On va retrouver l’Algérie, la seule équipe qui a battu le Sénégal dans ce tournoi. La tâche ne sera pas facile pour les Lions ?
Ç’aurait été difficile aussi, si on les avait battus, donc je ne vois pas le problème. C’était un match de poule. Mais là, c’est une finale. Chacun tirera les leçons du passé et je sais que les enseignements que nous tirerons, nous permettrons de faire en sorte que ce match soit à notre avantage.
Malheureusement, le défenseur Kalidou Kouli­baly sera privé de finale pour cause de suspension suite à un cumul de cartons. Est-ce que la Fédération compte faire appel auprès de la Caf pour lui permettre de participer à cette finale ?

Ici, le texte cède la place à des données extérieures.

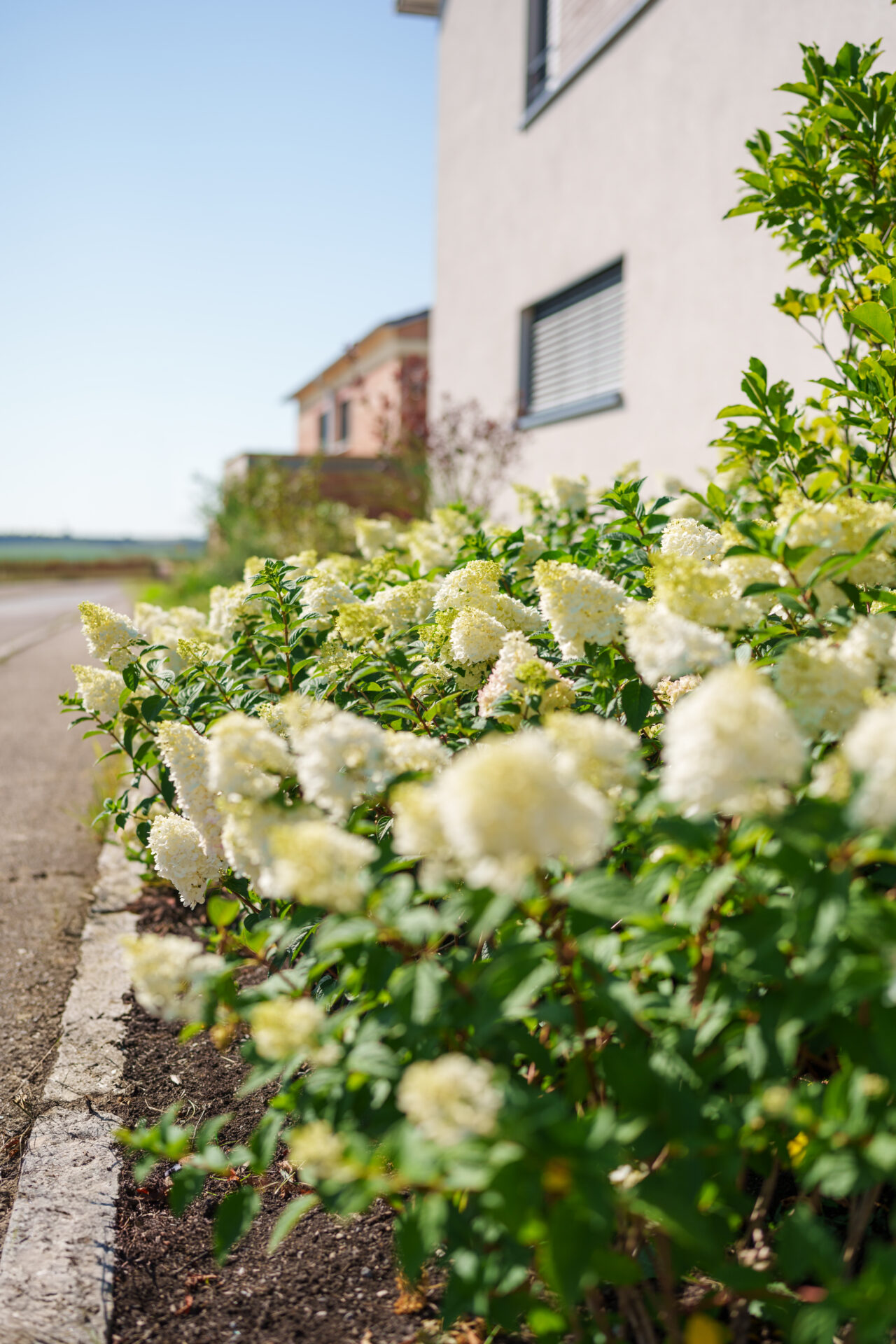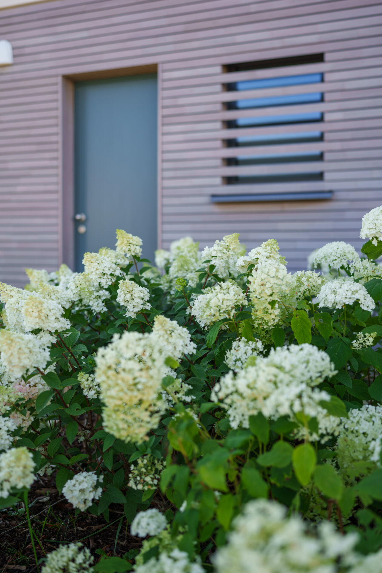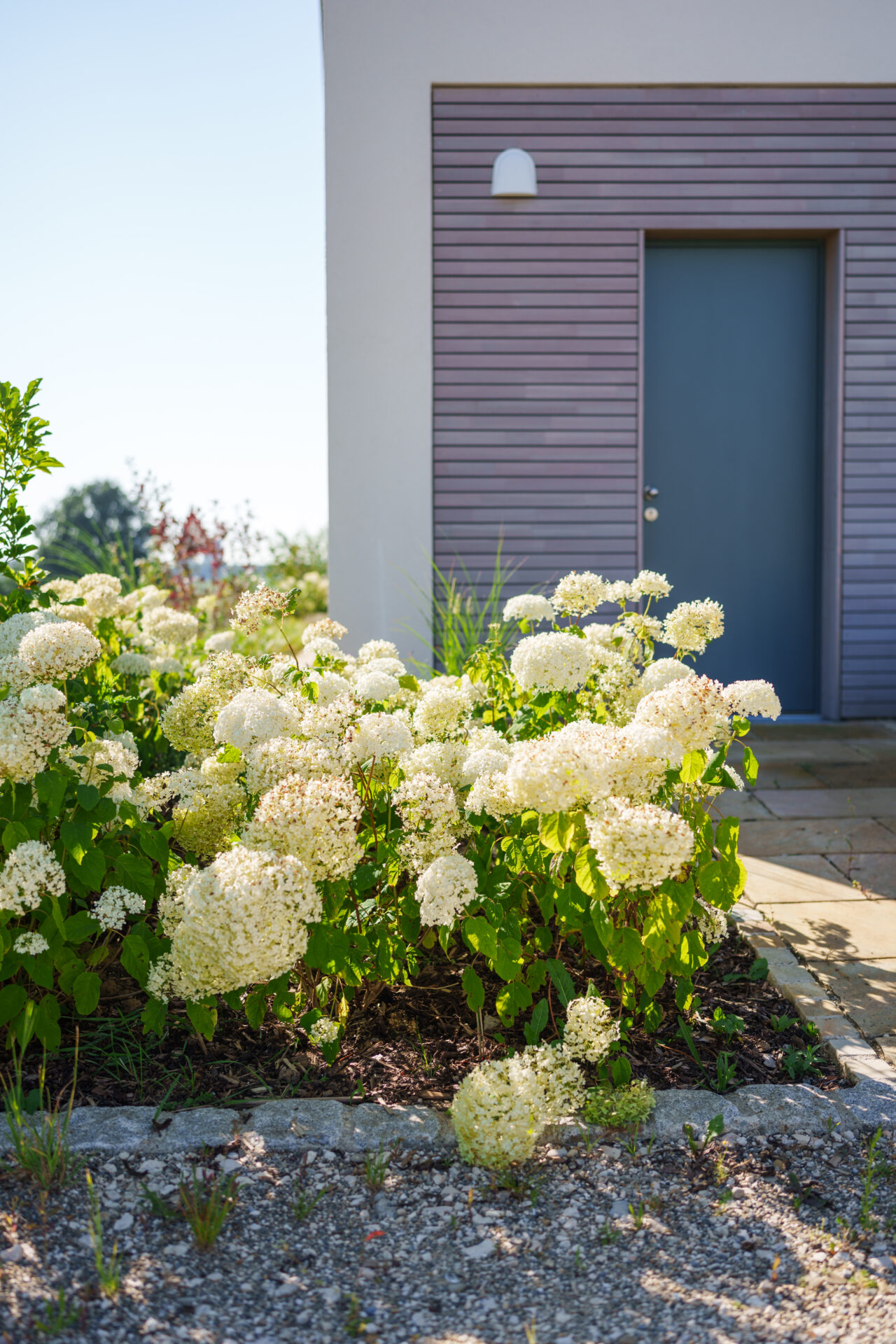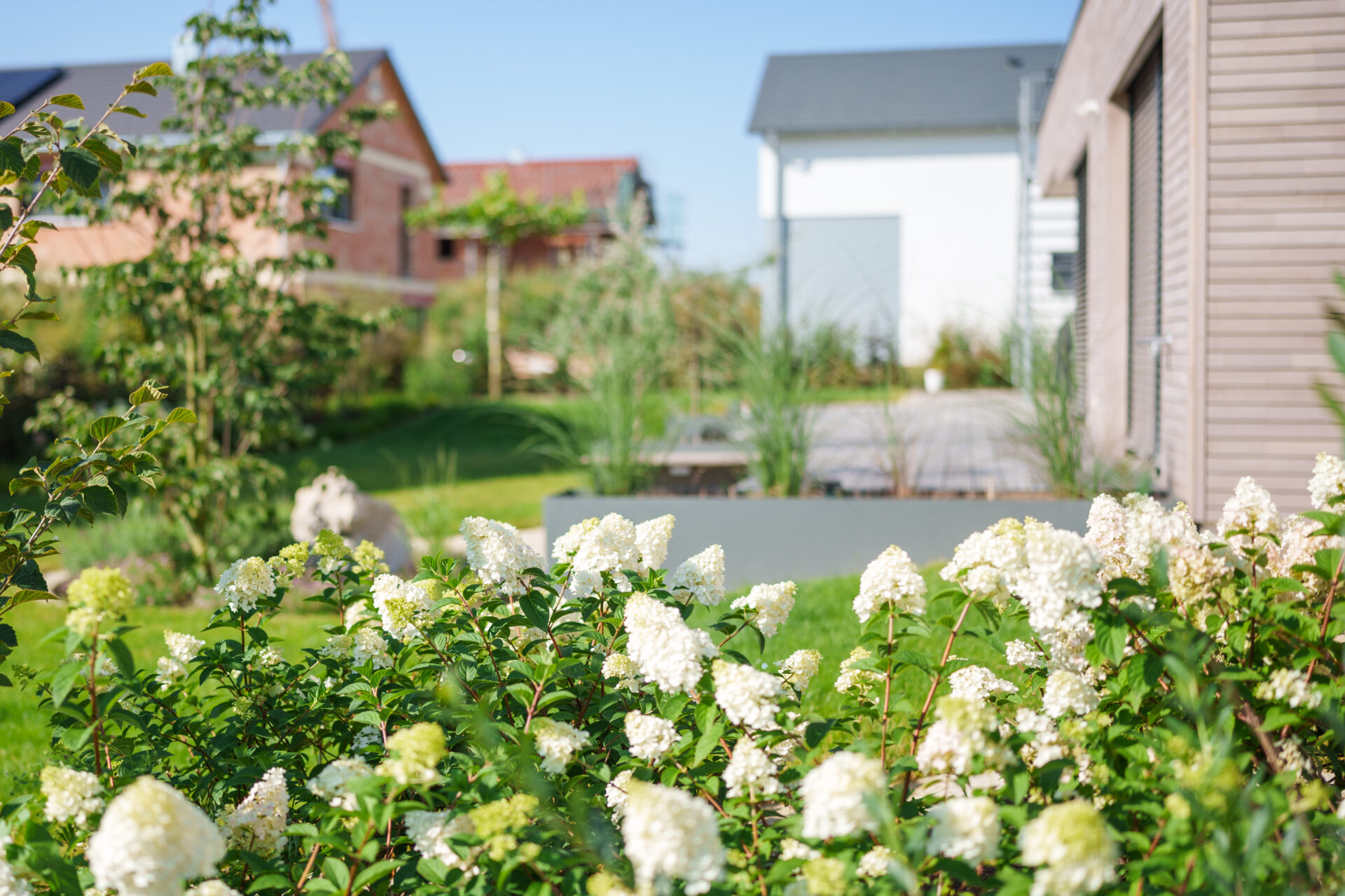 Hortensien und Holzterrasse

Au stade où je vous parle, rien n’a été fait. Donc au moment où on se parle, il est éliminé. Je pense que le coach avait prévu toutes les éventualités. Sur le plan nominal, c’est une grosse perte, mais je pense que ses coéquipiers vont en faire un atout puisqu’ils vont se mobiliser et vont jouer pour lui. Je suis sûr que ce sera un plus.

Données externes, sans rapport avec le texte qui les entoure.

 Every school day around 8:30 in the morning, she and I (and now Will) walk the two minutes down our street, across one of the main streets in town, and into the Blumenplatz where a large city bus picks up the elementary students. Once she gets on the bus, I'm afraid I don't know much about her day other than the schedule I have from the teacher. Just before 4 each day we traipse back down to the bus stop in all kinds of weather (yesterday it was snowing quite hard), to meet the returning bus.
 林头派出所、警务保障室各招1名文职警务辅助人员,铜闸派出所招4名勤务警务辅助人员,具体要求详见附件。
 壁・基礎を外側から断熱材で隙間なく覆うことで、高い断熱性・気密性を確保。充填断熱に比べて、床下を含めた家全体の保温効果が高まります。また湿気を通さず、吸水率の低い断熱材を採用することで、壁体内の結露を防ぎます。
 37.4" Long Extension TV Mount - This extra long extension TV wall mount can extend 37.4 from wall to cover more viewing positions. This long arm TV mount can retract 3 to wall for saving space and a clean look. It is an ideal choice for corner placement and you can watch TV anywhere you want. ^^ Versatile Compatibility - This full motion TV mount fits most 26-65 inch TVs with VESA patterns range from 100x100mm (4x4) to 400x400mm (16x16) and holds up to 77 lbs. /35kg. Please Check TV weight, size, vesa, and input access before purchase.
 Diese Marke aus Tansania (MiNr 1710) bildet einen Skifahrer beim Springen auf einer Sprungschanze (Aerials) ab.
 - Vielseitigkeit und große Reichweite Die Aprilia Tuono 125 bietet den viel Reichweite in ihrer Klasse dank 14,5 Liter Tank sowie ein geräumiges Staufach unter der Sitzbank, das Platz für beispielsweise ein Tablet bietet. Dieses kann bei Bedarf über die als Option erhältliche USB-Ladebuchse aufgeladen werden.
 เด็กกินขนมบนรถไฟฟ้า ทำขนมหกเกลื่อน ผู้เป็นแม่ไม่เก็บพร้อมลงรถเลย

Ce qui veut dire que la Fédération ne compte pas faire appel ?
A ce stade, rien n’a été décidé par rapport à ça.
On annonce la présence du gardien Edouard Mendy à cette finale. Vous confirmez ?
Oui bien sûr ! On avait déjà convenu avant qu’il ne parte que si son opération se passait bien, il viendrait participer à la fête, si nous arrivions au bout. On y est ! Donc, on espère que médicalement, il n’y aura pas d’obstacle à ce qu’il soit là. C’est notre vœu le plus cher. D’ailleurs, je m’en vais l’appeler tout à l’heure (hier matin) pour cela. C’est important qu’il soit là. Et quand ses partenaires le verront, ça va les motiver davantage. Ils vont jouer pour Kalidou et Edouard pour gagner ce trophée ensemble.

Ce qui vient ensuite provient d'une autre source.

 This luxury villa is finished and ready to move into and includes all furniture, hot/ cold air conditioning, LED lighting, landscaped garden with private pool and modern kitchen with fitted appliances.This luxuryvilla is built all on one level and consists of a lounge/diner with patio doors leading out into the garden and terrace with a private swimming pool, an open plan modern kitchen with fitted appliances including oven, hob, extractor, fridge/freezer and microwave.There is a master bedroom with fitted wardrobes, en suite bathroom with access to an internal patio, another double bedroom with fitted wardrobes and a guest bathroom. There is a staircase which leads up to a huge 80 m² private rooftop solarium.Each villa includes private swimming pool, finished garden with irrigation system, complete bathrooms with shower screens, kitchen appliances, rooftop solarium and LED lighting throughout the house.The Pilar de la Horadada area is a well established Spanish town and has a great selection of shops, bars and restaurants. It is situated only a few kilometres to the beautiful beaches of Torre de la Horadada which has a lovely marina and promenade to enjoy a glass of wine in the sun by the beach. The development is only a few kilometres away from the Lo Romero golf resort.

Un mot sur le décès du Secrétaire général du Parti Socialiste, Ousmane Tanor Dieng, un grand supporter de l’Equipe nationale…
C’est une énorme perte pour le football sénégalais qui a perdu un ardent supporter, un ardent amateur. Aussi longtemps que je me souvienne, avant même d’être président de la Fédération, je l’ai toujours trouvé, dans la loge, à tous les matchs du Sénégal. Il était même devenu un ardent défenseur de notre Fédération et de l’Equipe nationale. Il était de tous les combats. Il nous encourageait match après match. Il nous envoyait des messages, notamment à Abdoulaye Sow (vice-président de la Fédé) dont il était très proche. Aujourd’hui, c’est le Sénégal du football et du sport qui perd un membre de sa famille, mais aussi le Sénégal tout entier parce que c’est un homme de dimension très élevée qui a su apporter sa pierre à la construction de cette politique administrative de ce pays. Paix à son âme. Et surtout le meilleur hommage qu’on peut lui rendre, c’est justement, au moment où il vient de se reposer, qu’on puisse dans quelques jours, lui dédier ce trophée. Ce sera le meilleur hommage qu’on pourra lui rendre à travers le football que de lui offrir une Coupe d’Afrique.